Craig Berube: After 18 years with Flyers, he is now a St. Louis icon | Sam Carchidi
Craig Berube spent nearly two decades in the Flyers’ organization, but he will forever be remembered reverently in St Louis.
Craig Berube spent nearly two decades in the Flyers organization, but he will forever be remembered reverently in St Louis because, in his six-plus months behind the bench as an interim coach, he and the team he directed did the unthinkable.
Or as Gene Hart might have said if he were broadcasting the final seconds of a tense Game 7 Wednesday night in Boston: “Ladies and gentlemen, the Blues are going to win the Stanley Cup! The Blues win the Stanley Cup! The Blues win the Stanley Cup!”
Hart changed tenses in the frantic final seconds of the Flyers’ epic 1-0 win over Boston to give the Flyers their first Stanley Cup, in 1974. It was epic because the Flyers had been in the NHL only seven years and most observers didn’t give them much of a chance against Bobby Orr and Co.
Similarly, no one in his right mind gave Berube’s Blues any chance of winning the Cup back in early January.
Heck, no one thought they would even make the playoffs, let alone win their first Stanley Cup since St. Louis entered the league in 1967.
On Jan. 2, the Blues were dead last in the 31-team NHL.
Now, after Wednesday’s 4-1 win over Boston finished the most grueling tournament in all sports, they are Stanley Cup champions.
It may not have been the most amazing coaching job in NHL history, but it certainly ranks among the best.
Berube, who spent 18 seasons in the Flyers organization as a coach and player, will forever be adored in St. Louis. Like Fred Shero in Philadelphia.
A down-to-earth man known as “Chief,” Berube will become a part of St. Louis sports lore, like Stan “The Man” Musial, Red Berenson, Lou Brock, Marshall Faulk, Bob Gibson, and Rogers Hornsby. Like Brett Hull, Bob Pettit, Albert Pujols, Red Schoendienst, Ozzie Smith, Kurt Warner, Dick Vermeil, and countless others.
Like Vermeil, Berube once coached in Philadelphia but reached the pinnacle of his sport in St. Louis.
At 63, Vermeil, the former Eagles coach, led the St. Louis Rams to a 23-16 win over Tennessee in the 2000 Super Bowl at the Georgia Dome in Atlanta. He became the oldest coach to ever win the Super Bowl.
Nineteen years later, Berube, who became the Blues’ interim coach on Nov. 19, led his team to a staggering 10-3 road record in these playoffs.
He showed that then-Flyers general manager Paul Holmgren wasn’t blowing smoke when he said Berube had a “brilliant hockey mind” after naming him to replace Peter Laviolette early in the 2013-14 season. The timing was stunning because the Flyers had played all of three games, losing all of them.
Berube coached the Flyers to the playoffs that season, and they lost in the opening round to the New York Rangers, who eventually reached the Cup Final, in seven hard-fought games.
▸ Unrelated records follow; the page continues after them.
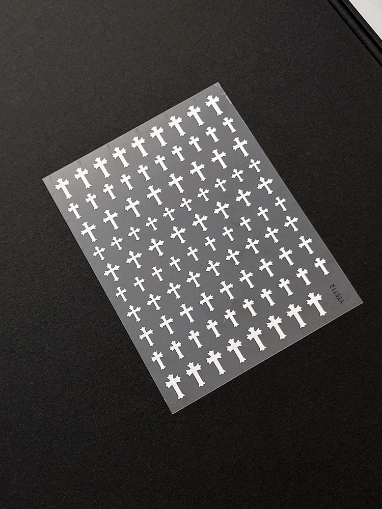양각 크로스 네일 아트 스티커 2025 새로운 복고풍 고딕 다크 스타일 접착 네일 데칼 장식 도매
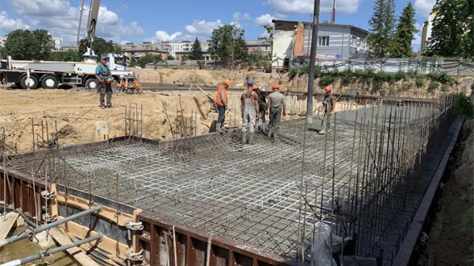 Залит фундамент под паркингом и коммерческими помещениями. Также в паркинге продолжается «вязка» вертикальных несущих элементов, заармировано ядро жесткости, выполняется гидроизоляция подземной части здания.
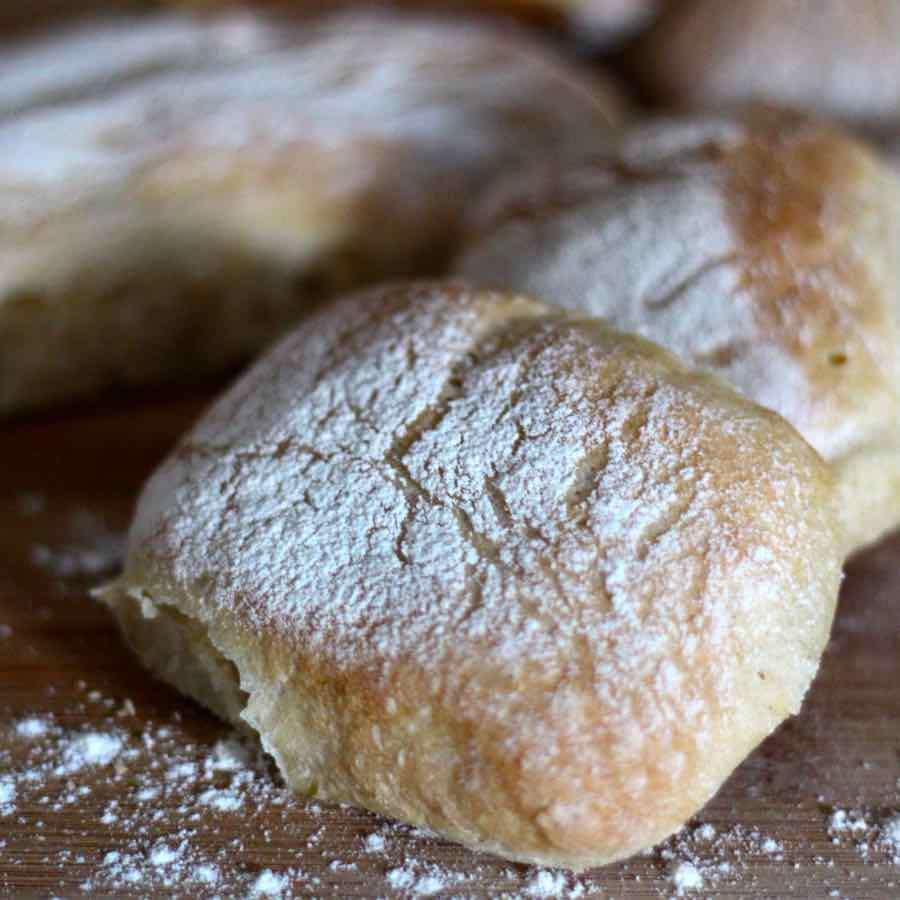 La ciabatta o chapata es un pan italiano crujiente tradicional con miga ligera; es conocido en todo el mundo como acompañamiento de platos italianos, así como para sándwiches.
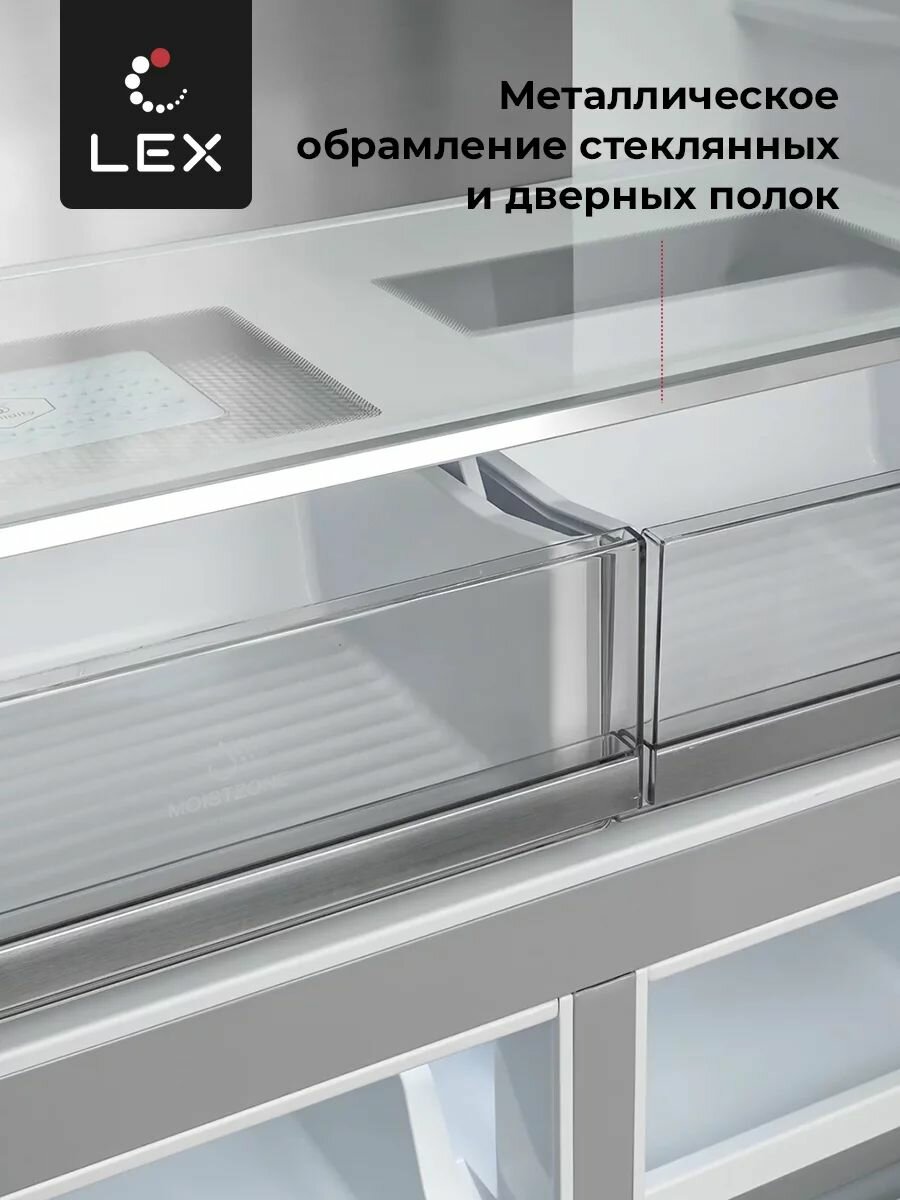 Холодильник отдельностоящий трехкамерный LEX LCD505GLGID, Электронное управление, Режим Отпуск, Суперзаморозка, Суперохлаждение . LED освещение морозильной камеры.

After the next season, Berube was fired by new GM Ron Hextall, his former teammate, following the team’s maddeningly inconsistent 2014-15 campaign, when it went 33-31-18 and missed the playoffs.
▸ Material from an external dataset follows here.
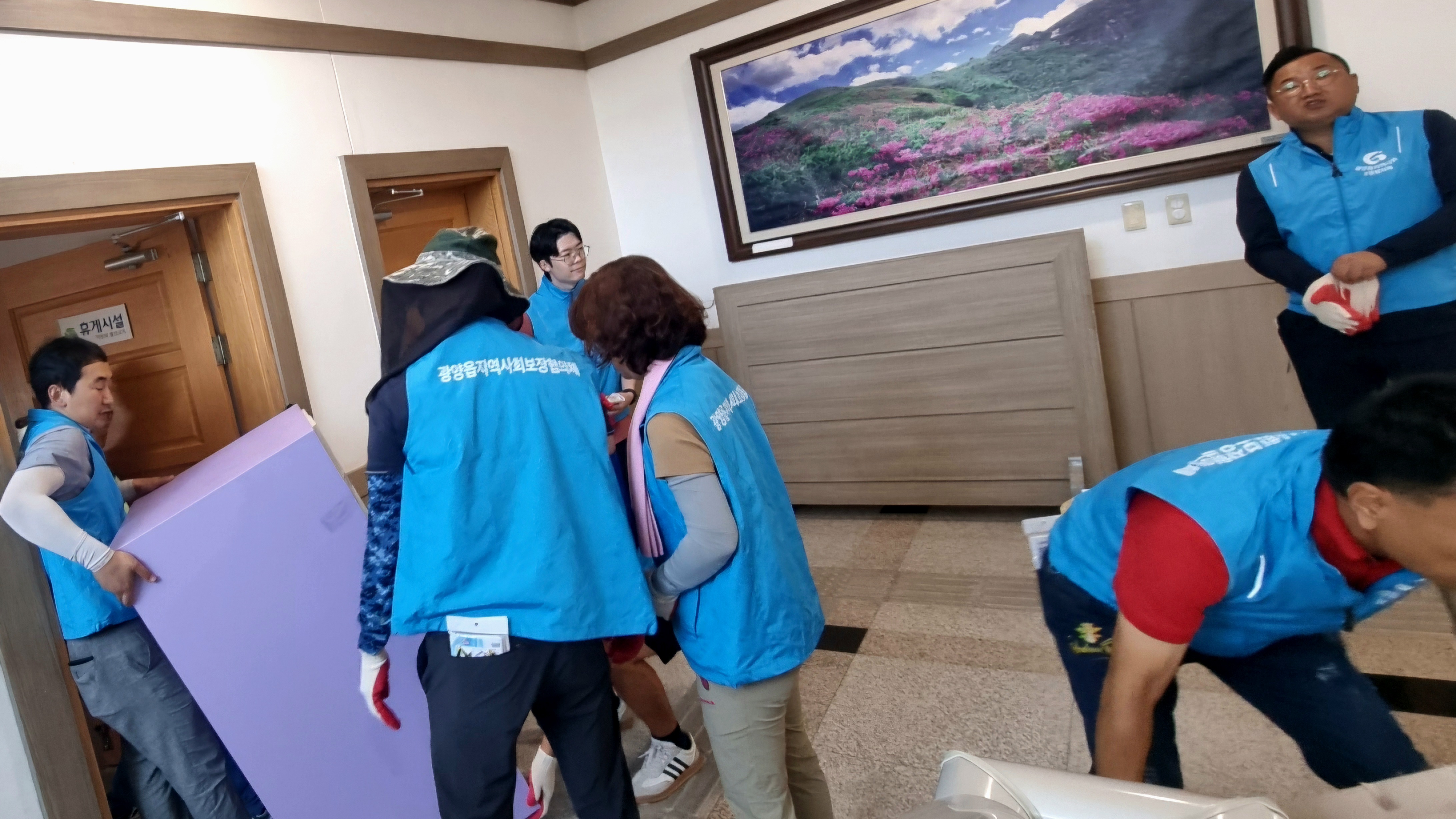 맞춤형복지팀 직원들은 23. 12. 29. 여관으로 이사한 후 여기에서 멈추지 않고 자격 검증 및 입주자 선정이 까다롭다는 LH 비정상거처 주거상향지원(열악한 주거지에서 생활하는 취약계층이 주거환경이 좋은 공공임대주택으로의 이주를 돕는 제도) 신청이 선정되어 7개월간의 긴 여관 생활을 정리하고, 광양읍지역사회보장협의체 내 새롭게 구성된 감동기동대 6명이 화물차 2대를 가져와 맞춤형복지팀과 함께 폭염 속에 굶은 땀방울을 흘리며 선한 영향력으로 아름다운 봉사활동 이사와 청소를 마쳤다.

“I believe Craig is an NHL coach and will go on to be an NHL coach,” Hextall said at the time. “But in the end, collectively as a group, it’s getting the most out of each individual and collectively pulling that effort together and squeezing the most out of your team.”
Which is just what he did with the Blues. After a slow start under the defensive-minded Berube, St. Louis won 11 straight from Jan. 23 to Feb. 19 and it finished 38-19-6 under him.
The Blues then upset Winnipeg in six first-round playoff games; outlasted Dallas in a 2-1 double-overtime Game 7 classic in the second round; and jolted San Jose in six games in the Western Conference Final before stunning the Bruins. In Boston.
“We just play a simple game. Get the puck in deep and work hard,” Berube, a onetime Flyers enforcer who still has a residence in Bucks County, said during a break in the finale Wednesday.
An old-school coach but someone who isn’t averse to using analytics, Berube is fair and brutally honest with his players.
Everyone knows his role. Everyone is made to feel important. That’s why Berube was so respected and well-liked in Philly, where the players gave the effort but didn’t have the talent level of the Blues.
In St. Louis, he got the most out of his players and struck gold with a superb defense and a rookie goalie, Jordan Binnington, who performed like the second coming of Bernie Parent.
“Everybody put the team first,” Berube said toward the end of the regular season. “That’s the biggest thing. Guys are playing for each other and working for each other.”
And for their coach, a hockey lifer who maybe, just maybe, will be bringing the Stanley Cup to Bucks County this summer.